I've pursuaded him that in most cases, he should be able to use an existing foundry ontology class. But there are still a few cases where we don't have an obvious term. In particular, what do Panther IDs and InterPro IDs refer to?

It is not particularly useful to have them refer to proteins and protein domains respectively - as Tony wants to distinguish from a protein in a specific species. If we say that Panther IDs refer to classes of protein, then we would type using an ID for protein. But perhaps it is better to treat protein family as some kind of information artefact - or in OWL terms as a individual with members rather than a class?

  Not discussed yet.  Move to next meeting.

Links to documentation

Following old discussion and recent email thread, in search of a more robust and logic-oriented approach than the one currently adopted in QuickGO.

See email thread 'Rough notes for OG from PAINT call'. Summary:

"The goal is to have a procedure that runs as part of the release process that propagates the URLs (or any annotation property) down the hierarchy based on a structured query (OPPL, SPARQL etc)

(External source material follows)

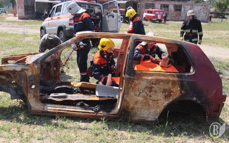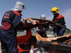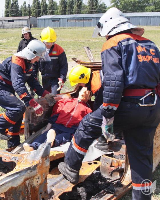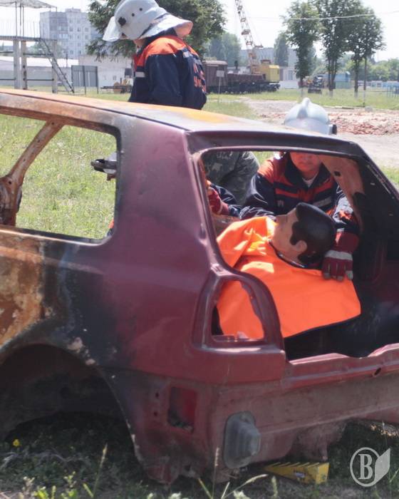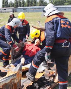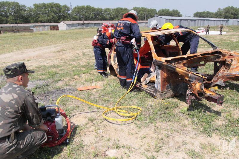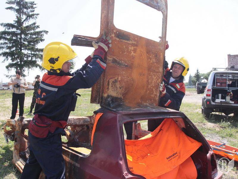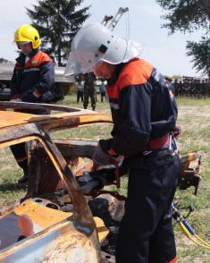 У рамках навчать територіальної оборони у Чернігові рятувальники визволили умовного постраждалого, затисненого в легковому автомобілі.

DavidOS - do you think this is possible based on your axiomatization for membrane proteins

Others - can we axiomatize the production terms to avoid dependence on regexs?"

   DECISIONS: 
      - Propagation rules will go in an OWL file - using DL or SPARQL or some combination (rather than hacking something with xref_abbs)
         - We should investigate using OWL image annotation system developed at VFB for OWL formalisation
         - *could* use super-relations in order to do 'unions' (e.g. IPR)
         - Chris notes - may also be an option for linking to LEGO exemplars for some terms.
      - Propagation would then happen at build time so the public would see propagated in dbxrefs.

Membrane proteins

David OS to report.

  Not discussed yet.  Move to next meeting.